*** Provided material ***

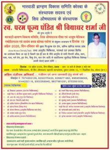 *19 अप्रैल मारवाड़ी ब्राह्मण विकास समिति के संस्थापक सदस्य एवं शिव औषधालय के संस्थापक स्वर्गीय परम पूज्य पंडित विद्याधर शर्मा जी की पुण्यतिथि के अवसर पर मारवाड़ी ब्राह्मण विकास समिति , शिव औषधालय, लायंस क्लब कोरबा एवरेस्ट, नीमा एवं आयुष मेडिकल एसोसिएशन के संयुक्त तत्वाधान में वृहद् निशुल्क दंत रोग, अस्थि खनिज, घनत्व जांच ( bone Minearal density test) तथा आयुर्वेद चिकित्सा परामर्श एवं उपचार शिविर पतंजलि चिकित्सालय, श्री शिव औषधालय दुकान क्रमांक 10,11 महानदी काम्प्लेक्स निहारिका रोड कोरबा में दिनांक 19 अप्रैल 2026 रविवार को प्रातः 10 बजे से 2 बजे तक आयोजित है ।*
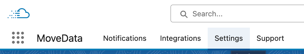 To specify the user MoveData is to execute under you first need to login as the desired user. Once you have logged in, open MoveData using the Salesforce App Launcher and select the Settings tab. If the MoveData application is not visible in the App Launcher, the logged in user does not have the requisite permissions required to administer MoveData
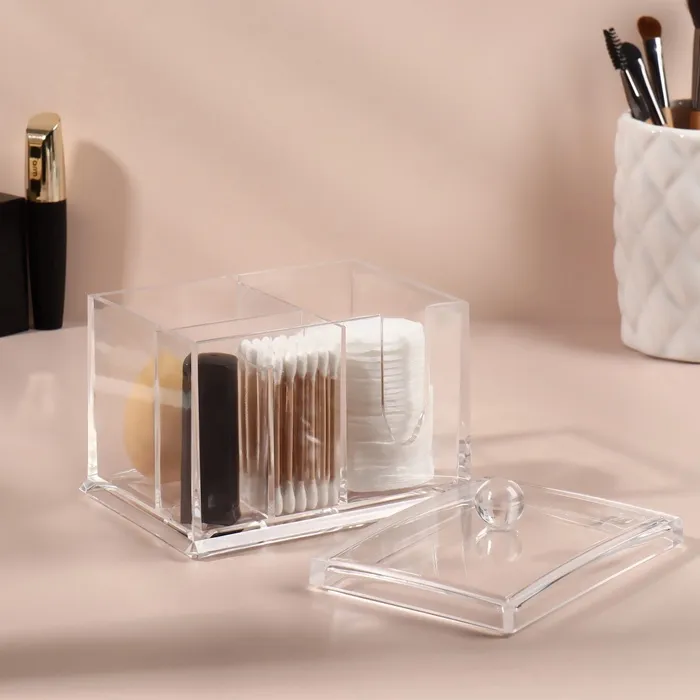 Органайзер для ватных палочек и дисков, с крышкой, 2 секции, 12.5×7.3×13.5 см, прозрачный
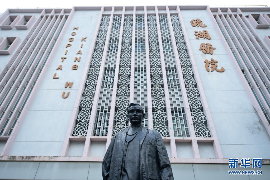 镜湖医院前的孙中山铜像(5月12日摄)。新华社记者 张金加 摄

*** End of Provided material ***

Give an exact copy of the material, leaving out every picture.

 *19 अप्रैल मारवाड़ी ब्राह्मण विकास समिति के संस्थापक सदस्य एवं शिव औषधालय के संस्थापक स्वर्गीय परम पूज्य पंडित विद्याधर शर्मा जी की पुण्यतिथि के अवसर पर मारवाड़ी ब्राह्मण विकास समिति , शिव औषधालय, लायंस क्लब कोरबा एवरेस्ट, नीमा एवं आयुष मेडिकल एसोसिएशन के संयुक्त तत्वाधान में वृहद् निशुल्क दंत रोग, अस्थि खनिज, घनत्व जांच ( bone Minearal density test) तथा आयुर्वेद चिकित्सा परामर्श एवं उपचार शिविर पतंजलि चिकित्सालय, श्री शिव औषधालय दुकान क्रमांक 10,11 महानदी काम्प्लेक्स निहारिका रोड कोरबा में दिनांक 19 अप्रैल 2026 रविवार को प्रातः 10 बजे से 2 बजे तक आयोजित है ।*
 To specify the user MoveData is to execute under you first need to login as the desired user. Once you have logged in, open MoveData using the Salesforce App Launcher and select the Settings tab. If the MoveData application is not visible in the App Launcher, the logged in user does not have the requisite permissions required to administer MoveData
 Органайзер для ватных палочек и дисков, с крышкой, 2 секции, 12.5×7.3×13.5 см, прозрачный
 镜湖医院前的孙中山铜像(5月12日摄)。新华社记者 张金加 摄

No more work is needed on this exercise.